Wednesday, October 17, 2007

My Favorite Movie of Summer 2007



To better understand why Live Free Or Die Hard was the summer's best, most gratifying movie it helps to understand the terms by which its predecessor, Die Hard With A Vengeance, the third in the series, was such a disappointment.

...With A Vengeance was fundamentally different than the two previous Die Hard films in several ways, though the obvious ones are not the most significant. Obviously: Die Hard 3 is set outside a confined space and a partner/buddy character is also given a more significant role. These elements certainly contribute to it not feeling like a Die Hard movie, but they are not the reason it sucks.
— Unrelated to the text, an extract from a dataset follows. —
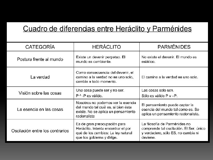 2. 3. HERÁCLITO -500 a. C. El mundo: Toda la realidad está en constante devenir y cambio que tienen su origen en la lucha de contrarios. Todo está regido por un principio. Este principio va a ser el "logos" o razón, la inteligencia, lo "sabio". El logos se identifica con el fuego, "con el eterno y viviente fuego". El fuego-logos- es el arjé de todas las cosas “ Nunca nos bañamos dos veces en el mismo río ".

The latest film is set in an even more expansive milieu (stretching over several cities) but its individual action scenes all take place in very specific, and generally enclosed, settings. This is important because it contributes to the sense that what makes a Die Hard movie is not the sense of enclosure per se, but rather John McClane's sense of lone-ness. He acts not not because of any moral imperative, but because he's the only one who can. (There was really nothing at stake for him in With A Vengeance, and thus no real answer to the question why doesn't he just go home?)

The newest film also pairs him with a partner who drives plot as much as provides comic relief. Justin Long is actually quite good in this role (not that I doubted his latent ability, but I did doubt the conception of the character). John McClane has allies both of the first two films, too. In the third, though, he's frequently, comedically antagonistic towards those helpers. He and Samuel L. Jackson's character forge a friendship of sorts, but they still yell t each other a lot and argue about racial politics. Hearing John McClane express opinions (let alone quasi-conservative ones, or ones that make him sound like a complete asshole) is jarring in Vengeance because in the previous films he's been too preoccupied with having to survive in the here-and-now to complain about relatively abstract notions. A similar kind of thing happens in Live Free, when he argues with Justin Long over musical tastes. Fortunately, this is only a momentary lapse in judgment.

The other thing the new film improves on is McClane's relationship with authority figures, and here there's actually a minor improvement on the first Die Hard. In parts 1 and 3 authority figures are depicted as incompetent boobs (Deputy Chief of Police Dwayne T. Robinson in the first, and the two FBI agents in the third). McClane's relationship with an FBI director in the 4th film is much more plausible: the two actually want to help each other.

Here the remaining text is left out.